This seems odd to me. I have never seen obfuscation techniques in first party Apple software - certainly not in Espresso or ANECompiler and overall nowhere at all except in media DRM components (FairPlay).
Apple are really the major OS company _without_ widespread use of a first party obfuscator; Microsoft have WarBird and Google have PairIP.
I went digging down the rabbit hole over the last 6 hours on what compute around training can be extracted from M4/M5 Neural Engine chips:
- was able to offload
@karpathy's NanoGpt training run(partially) on Apple Neural Engine.
- moved the Classifier & Softmax layers directly onto the ANE - Classifier is 10x faster, and Softmax is 34x faster
- fixed memory exhaustion: original repo had an ARC memory leak that capped training at ~119 compile loads per process.
- patched the C-bridge, allowing continuous, stable training
Why does apple want to make this hardware hard to access?
What actual benefits do they get?
I guess they can have their own models run faster than the competition on their hardware? But they don't even really have anything that consumers use on the ANE as far as I can tell and local LLMs are taking off on macs and could really benefit from this
I suspect main benefits are they have no need to maintain the hardware or software for any longer than it makes sense for their own needs, and don't have to handhold users through a constantly evolving minefield of performance and technical capabilities.
> Throughout this series, “we” refers to maderix (human) and Claude Opus 4.6 (by Anthropic) working as a pair. The reverse engineering, benchmarking, and training code were developed collaboratively
Sure, "collaboratively." Why would I ever trust a vibe coded analysis? How do I, a non expert in this niche, know that Opus isn't pulling a fast one on both of us? LLMs write convincing bullshit that even fools experts. Have you manually verified each fact in this piece? I doubt it. Thanks for the disclaimer, it saved me from having to read it.
Humans also write endless amounts of convincing bullshit, and have done since time immemorial. False papers and faked results have been a growing scourge in academia before LLMs were a thing, and that's just counting the intentional fraud - the reproducibility crisis in science, especially medical and psychological science, affects even the best designed and well intentioned of studies.
Humans also make mistakes and assumptions while reverse engineering, so it will always need more engineers to go through the results, test things
But not 38 TOPS that Apple claims, with the weak explanation of
> Apple’s “38 TOPS INT8” is computed as 19 TFLOPS FP16 × 2, following the industry convention of counting INT8 operations as 2× the FP16 rate. But the hardware doesn’t actually execute INT8 operations twice as fast.
Why would Apple follow that convention when the hardware explicitly doesn't seems like a more straight-faced lie that I expect from Apple
Can someone help me understand when these neural engines kick in in open source software?
I typically use python ML libraries like lightgbm, sklearn, xgboost etc.
I also use numpy for large correlation matrices, covariance etc.
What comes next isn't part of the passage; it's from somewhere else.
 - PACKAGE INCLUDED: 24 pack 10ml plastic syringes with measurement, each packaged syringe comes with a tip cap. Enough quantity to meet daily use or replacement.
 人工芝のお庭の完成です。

Are these operations accelerated? Is there a simple way to benchmark?
I see a lot of benchmarks on what look like C functions, but today in my jobs I rely on higher level libraries. I don't know if they perform any better on apple HW, and unless they have a flag like use_ane I'm inclined to think they do better.
Of course chatgpt suggested I benchmark an Intel Mac vs. newer apple silicon. Thanks chatgpt, there's a reason people still hate AI.
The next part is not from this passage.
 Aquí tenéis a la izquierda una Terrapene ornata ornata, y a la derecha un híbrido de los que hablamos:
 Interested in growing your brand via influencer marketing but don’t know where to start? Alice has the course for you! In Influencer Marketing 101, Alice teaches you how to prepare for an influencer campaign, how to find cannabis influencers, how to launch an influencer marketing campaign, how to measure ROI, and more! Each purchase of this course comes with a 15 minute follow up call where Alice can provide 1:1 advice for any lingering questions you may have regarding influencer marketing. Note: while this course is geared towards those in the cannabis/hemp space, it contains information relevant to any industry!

> when these neural engines kick in in open source software?
It mostly doesn't because NPUs are bespoke and vendor-specific (which incents neglect by software devs working on open source numerics and ML/AI infrastructure), and the Apple ANE is no exception. Part of this effort is most likely about fixing that for the specific case of the Apple ANE.
Part of which effort? The Reverse engineering is so it can be used blog article?
I just think: great it seems like I'm paying for a hardware accelerator that makes Siri go faster. And I use siri on my laptop exactly 0 times in the last infinite years.
It also makes a lot of really useful features like on device OCR, captions, voice isolation, temporal antialiasing in metalfx, an enormous host of things in the apple pro apps, etc. work
Much of this information we already knew the very basics of from documentation of the M1/M2 ANE as accessed via bare-metal from Asahi Linux, but it's nice to see confirmation and it being explored in further depth. Note that according to OP Parts 1/2 for very large matmuls CoreML adds little to no overhead compared to the lower-level interface, so there seems to be plenty of scope for supporting ANE for prefill in local AI frameworks. Decode is generally memory-bandwidth limited unless context is very large, and the ANE requires special handling (converting from matmul to 1x1 convolution as described here is wasteful of memory bandwidth, as is potentially dequantizing to INT8/FP16 in memory) so it's less of a clear win.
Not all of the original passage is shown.